Scale Reinforcement Learning with GKE and Managed Lustre

1. Introduction

If you prefer to run the packaged scripts directly without the step-by-step tutorial, you can find them in the GoogleCloudPlatform/devrel-demos repository.

In this codelab, you will learn how to deploy a high-performance training pipeline for Reinforcement Learning (RL) using Google Kubernetes Engine (GKE) and Managed Lustre.

Reinforcement Learning workloads, particularly those using algorithms like Group Relative Policy Optimization (GRPO), generate massive amounts of data during "Experience Generation" and require frequent checkpointing. Standard object storage can cause bottlenecks during these I/O bursts, leaving expensive accelerators idle.

You will use Managed Lustre, a parallel file system, to eliminate these bottlenecks and achieve higher training throughput.

What you'll do

Configure environment variables for a GPU-based Ray cluster.
Provision a Spot GPU cluster on GKE using the XPK tool.
Create a Managed Lustre instance.
Deploy a KubeRay cluster and mount the Lustre filesystem.
Submit a NeMo-RL training workload.
Observe high throughput and low checkpoint latency using Cloud Monitoring.
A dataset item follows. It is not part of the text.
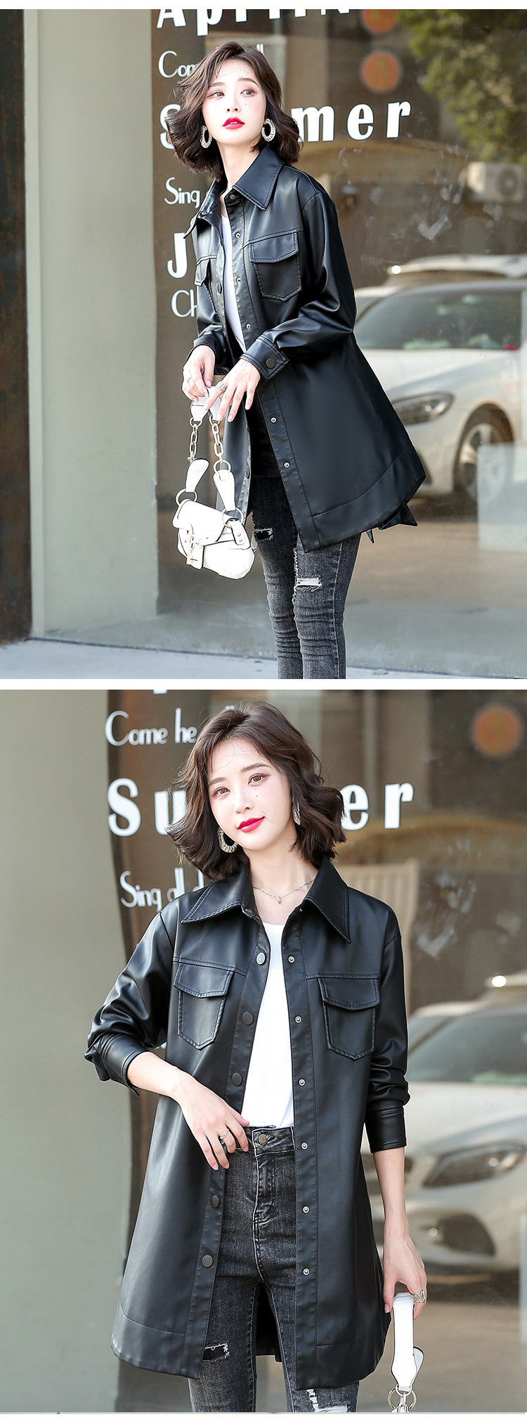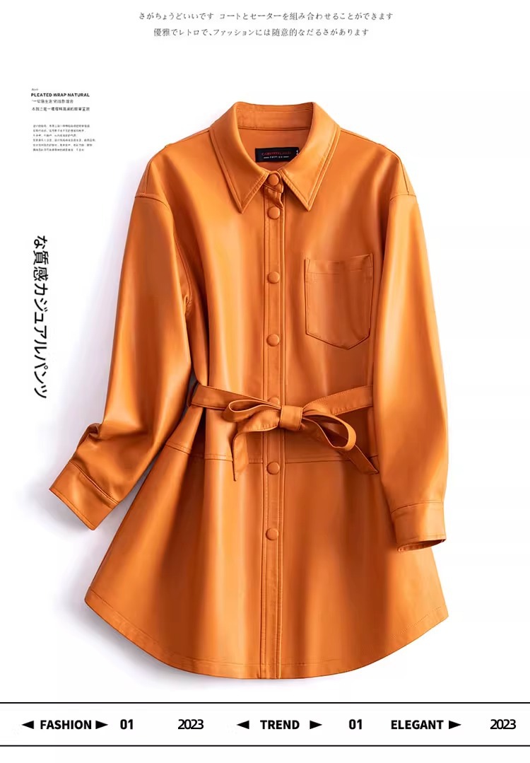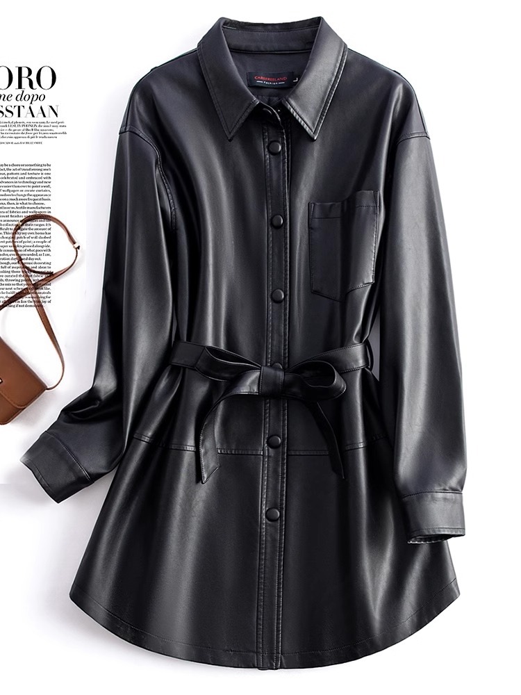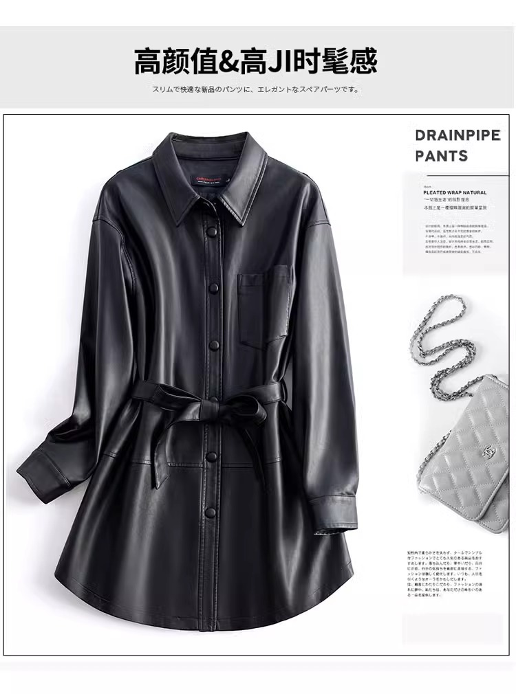 양미 같은 스타일의 양모 코트 여성 진짜 가죽 코트를 싫어하는 여성 중간 길이의 캐주얼 복고풍 가죽 재킷 원피스 배달스토어 가기
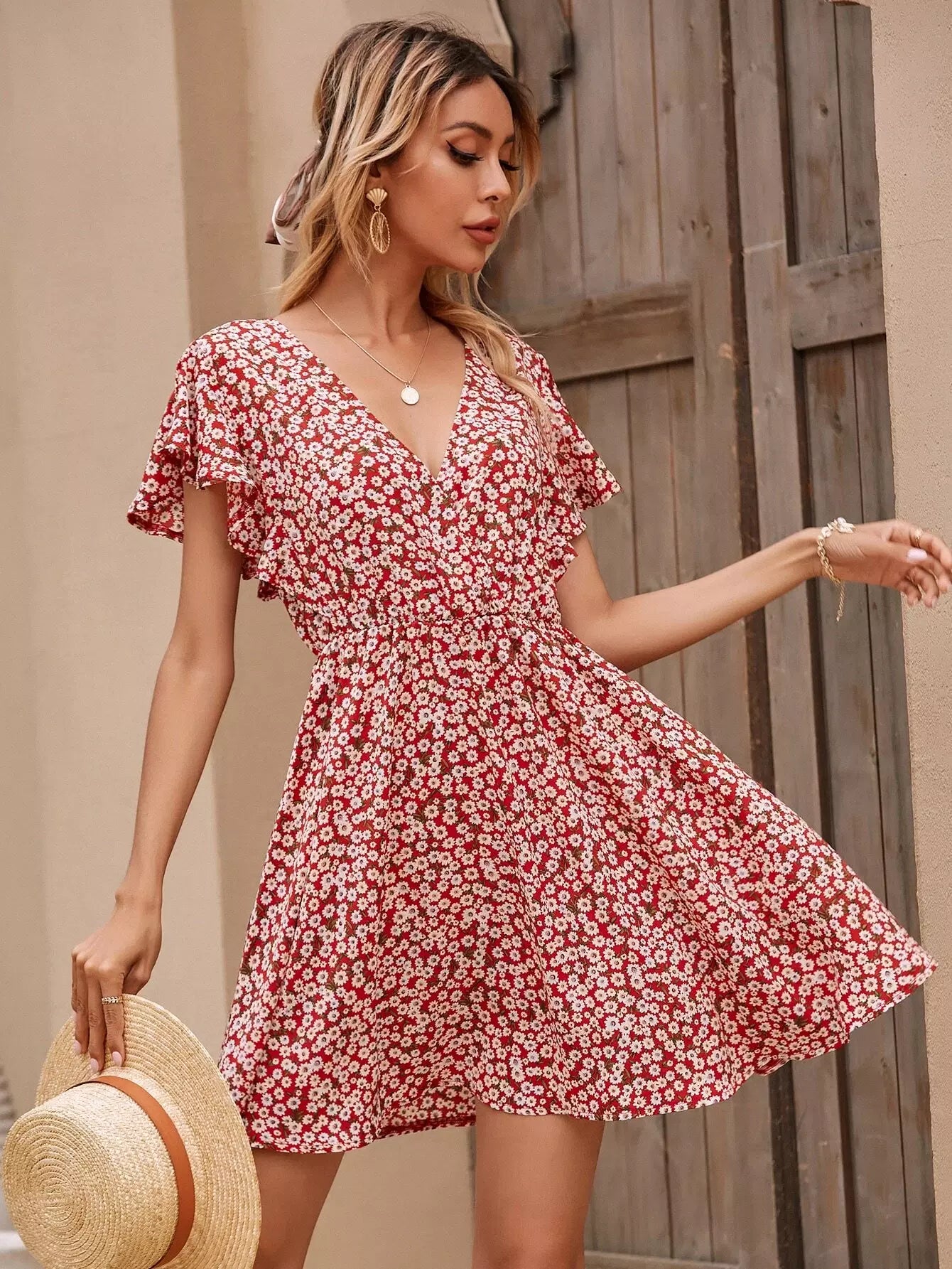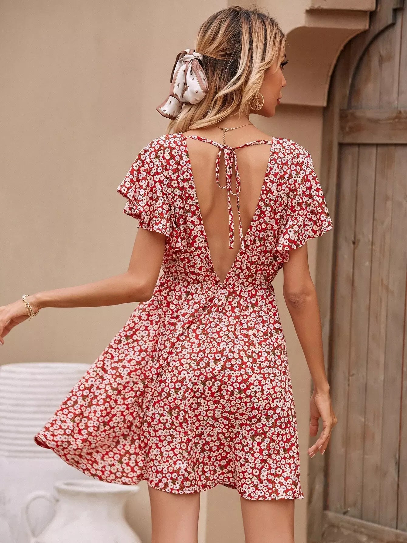 Ditsy Floral Tie Back Backless Dress

Architecture diagram of GKE, KubeRay, and Managed Lustre

What you'll need

A web browser such as Chrome.
A Google Cloud project with billing enabled.

This codelab is for advanced technical users, platform engineers, and AI researchers who are familiar with GKE and storage concepts.

Estimated Total Duration: 45 to 60 minutes plus 2 hours of training time

2. Before you begin

Create a Google Cloud Project

In the Google Cloud Console, select or create a Google Cloud project.
Make sure that billing is enabled for your Cloud project.

Start Cloud Shell

Cloud Shell is a command-line environment running in Google Cloud that comes preloaded with necessary tools.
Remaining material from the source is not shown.